EXCERPTED DATA:
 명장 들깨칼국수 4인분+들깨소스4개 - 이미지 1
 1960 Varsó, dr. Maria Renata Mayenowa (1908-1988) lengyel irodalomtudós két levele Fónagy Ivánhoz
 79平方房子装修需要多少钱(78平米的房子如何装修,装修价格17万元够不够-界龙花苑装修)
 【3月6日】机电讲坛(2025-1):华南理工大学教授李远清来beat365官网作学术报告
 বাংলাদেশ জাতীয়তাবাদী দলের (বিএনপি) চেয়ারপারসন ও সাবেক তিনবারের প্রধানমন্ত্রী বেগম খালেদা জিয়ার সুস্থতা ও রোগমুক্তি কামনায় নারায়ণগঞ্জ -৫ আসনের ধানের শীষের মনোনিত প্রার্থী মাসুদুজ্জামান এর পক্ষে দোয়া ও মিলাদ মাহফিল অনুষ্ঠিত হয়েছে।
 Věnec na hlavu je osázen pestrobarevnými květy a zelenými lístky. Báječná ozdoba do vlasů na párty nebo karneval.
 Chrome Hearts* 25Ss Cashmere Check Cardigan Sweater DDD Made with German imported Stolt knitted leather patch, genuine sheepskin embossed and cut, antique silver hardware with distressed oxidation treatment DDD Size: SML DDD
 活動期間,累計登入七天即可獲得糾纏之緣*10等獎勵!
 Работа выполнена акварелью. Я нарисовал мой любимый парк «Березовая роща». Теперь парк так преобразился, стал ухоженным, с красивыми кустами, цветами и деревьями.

* * *

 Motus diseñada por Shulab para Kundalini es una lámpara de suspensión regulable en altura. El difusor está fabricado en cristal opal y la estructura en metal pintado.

REQUIREMENT: The entries above hold the needed span. Transcribe exactly the lines from the one with "79平方房子装修需要多少钱(78平米的房" to the one with "Работа выполнена акварелью.", both included.

ANSWER SPACE:
 79平方房子装修需要多少钱(78平米的房子如何装修,装修价格17万元够不够-界龙花苑装修)
 【3月6日】机电讲坛(2025-1):华南理工大学教授李远清来beat365官网作学术报告
 বাংলাদেশ জাতীয়তাবাদী দলের (বিএনপি) চেয়ারপারসন ও সাবেক তিনবারের প্রধানমন্ত্রী বেগম খালেদা জিয়ার সুস্থতা ও রোগমুক্তি কামনায় নারায়ণগঞ্জ -৫ আসনের ধানের শীষের মনোনিত প্রার্থী মাসুদুজ্জামান এর পক্ষে দোয়া ও মিলাদ মাহফিল অনুষ্ঠিত হয়েছে।
 Věnec na hlavu je osázen pestrobarevnými květy a zelenými lístky. Báječná ozdoba do vlasů na párty nebo karneval.
 Chrome Hearts* 25Ss Cashmere Check Cardigan Sweater DDD Made with German imported Stolt knitted leather patch, genuine sheepskin embossed and cut, antique silver hardware with distressed oxidation treatment DDD Size: SML DDD
 活動期間,累計登入七天即可獲得糾纏之緣*10等獎勵!
 Работа выполнена акварелью. Я нарисовал мой любимый парк «Березовая роща». Теперь парк так преобразился, стал ухоженным, с красивыми кустами, цветами и деревьями.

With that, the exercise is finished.